Implementation: ` output_lod = {json.dumps(d, sort_keys=True) for d in lod} output_lod = [json.loads(x) for x in output_lod] ` – Armindaarming 9/5, 2020 at 19:58

list(map(json.loads, set(map(lambda x: json.dumps(x, sort_keys=True), [{1:2}, {3:4}, {1:2}])))) only problem with this solution is when keys are not strings. – Particolored 22/12, 2021 at 4:2

In case the dictionaries are only uniquely identified by all items (ID is not available) you can use the answer using JSON. The following is an alternative that does not use JSON, and will work as long as all dictionary values are immutable

[dict(s) for s in set(frozenset(d.items()) for d in L)]

Weatherboarding answered 22/7, 2016 at 8:0 Comment(4)

I ended up going with this, very elegant working solution – Foulk 9/2, 2022 at 15:4

This way I lose the order of keys inside the dictionary. – Padraic 31/1, 2023 at 22:5

How can I use JSON to tackle this problem? – Padraic 31/1, 2023 at 22:5

Note - you cannot rely on the order here - That is, the items in this result expression are not guaranteed to be in the same order as the original list L. So be sure to sort the list after if needed, example: sorted(final_list, key=lambda i: i['some_key'], reverse=True) – Heaume 25/2, 2023 at 15:10

Here's a reasonably compact solution, though I suspect not particularly efficient (to put it mildly):

>>> ds = [{'id':1,'name':'john', 'age':34},
...       {'id':1,'name':'john', 'age':34},
...       {'id':2,'name':'hanna', 'age':30}
...       ]
>>> map(dict, set(tuple(sorted(d.items())) for d in ds))
[{'age': 30, 'id': 2, 'name': 'hanna'}, {'age': 34, 'id': 1, 'name': 'john'}]

Forearm answered 18/6, 2012 at 23:47 Comment(3)

Surround the map() call with list() in Python 3 to get a list back, otherwise it's a map object. – Indeterminacy 21/6, 2017 at 18:49

an additional benefit of this approach in python 3.6+ is that the list ordering is preserved – Dehydrogenase 29/10, 2019 at 5:15

@Dehydrogenase I'm using Python 3.8.6 and list ordering is not preserved!

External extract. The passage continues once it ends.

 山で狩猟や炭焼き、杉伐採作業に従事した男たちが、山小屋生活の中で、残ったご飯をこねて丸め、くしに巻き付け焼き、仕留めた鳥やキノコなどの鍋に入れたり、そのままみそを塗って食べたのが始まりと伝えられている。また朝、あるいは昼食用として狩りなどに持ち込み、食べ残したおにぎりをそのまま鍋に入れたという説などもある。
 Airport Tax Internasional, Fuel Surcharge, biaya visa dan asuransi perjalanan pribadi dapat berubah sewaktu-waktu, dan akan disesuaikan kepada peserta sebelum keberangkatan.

My list: x=[{'a':15}, {'a':15}, {'b':30}] Converting: list(map(dict, set(tuple(sorted(i.items())) for i in x))) which returns: [{'b': 30}, {'a': 15}] – Cauchy 15/11, 2021 at 10:32

You can use numpy library (works for Python2.x only):

   import numpy as np 

   list_of_unique_dicts=list(np.unique(np.array(list_of_dicts)))

To get it worked with Python 3.x (and recent versions of numpy), you need to convert array of dicts to numpy array of strings, e.g.

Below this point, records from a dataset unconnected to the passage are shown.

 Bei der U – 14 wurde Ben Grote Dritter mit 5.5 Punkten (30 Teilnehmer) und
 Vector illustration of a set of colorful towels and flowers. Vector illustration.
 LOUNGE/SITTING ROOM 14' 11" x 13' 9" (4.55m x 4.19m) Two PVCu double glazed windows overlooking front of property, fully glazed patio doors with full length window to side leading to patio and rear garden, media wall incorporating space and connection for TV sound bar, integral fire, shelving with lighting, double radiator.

list_of_unique_dicts=list(np.unique(np.array(list_of_dicts).astype(str)))

Cavallaro answered 6/11, 2013 at 4:25 Comment(3)

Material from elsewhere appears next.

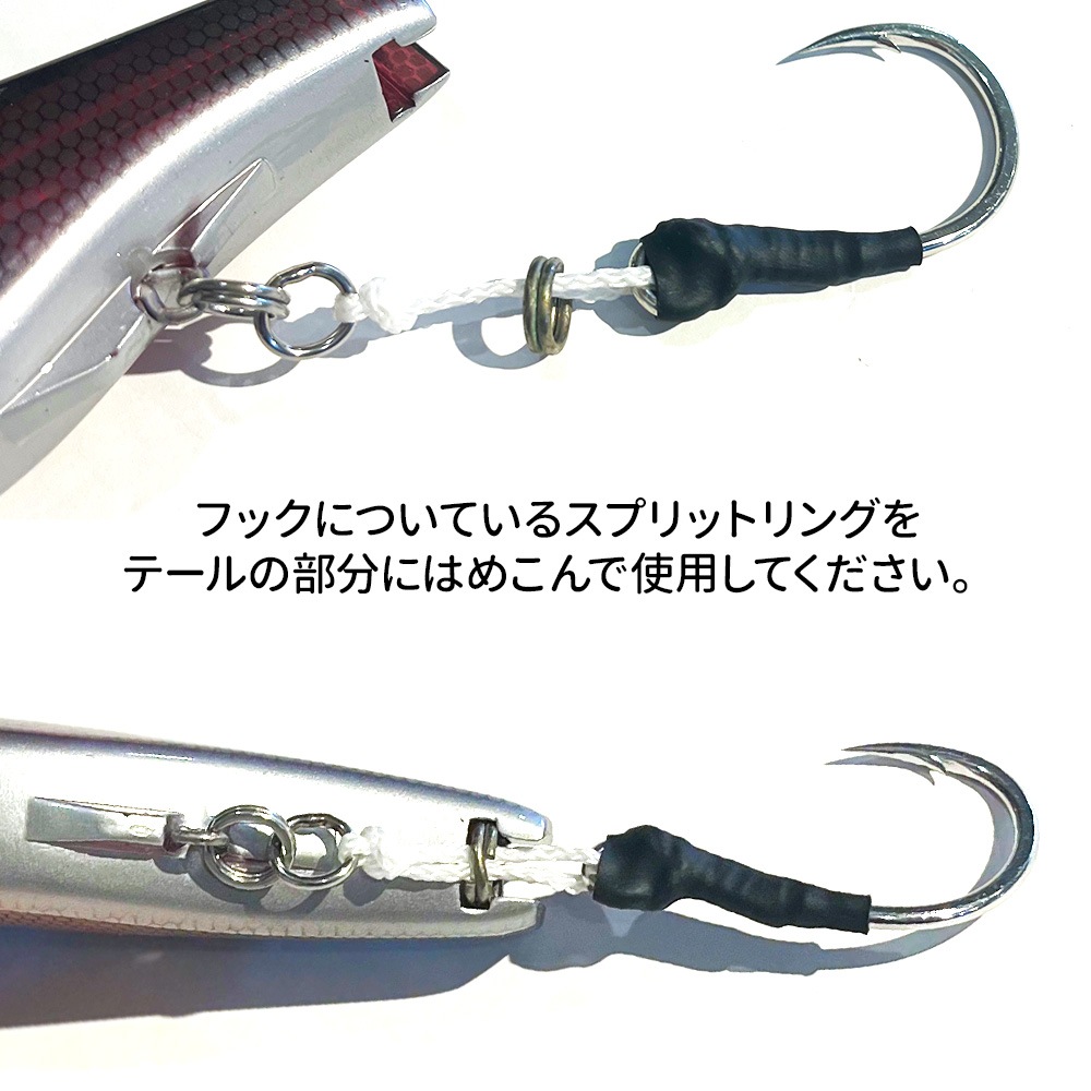 使用する時はフックについているスプリットリングをテールの部分にはめこんで使用してください。

Get the error TypeError: unorderable types: dict() > dict() when doing this in Python 3.5. – Frederiksen 16/9, 2016 at 23:39

You might have forgotten the .asrtype(str) element ! – Sippet 1/4, 2021 at 8:15

#55695979 – Cauchy 15/11, 2021 at 10:35

a = [
{'id':1,'name':'john', 'age':34},
{'id':1,'name':'john', 'age':34},
{'id':2,'name':'hanna', 'age':30},
]

b = {x['id']:x for x in a}.values()

print(b)

outputs:

[{'age': 34, 'id': 1, 'name': 'john'}, {'age': 30, 'id': 2, 'name': 'hanna'}]

Trilinear answered 18/6, 2012 at 23:52 Comment(4)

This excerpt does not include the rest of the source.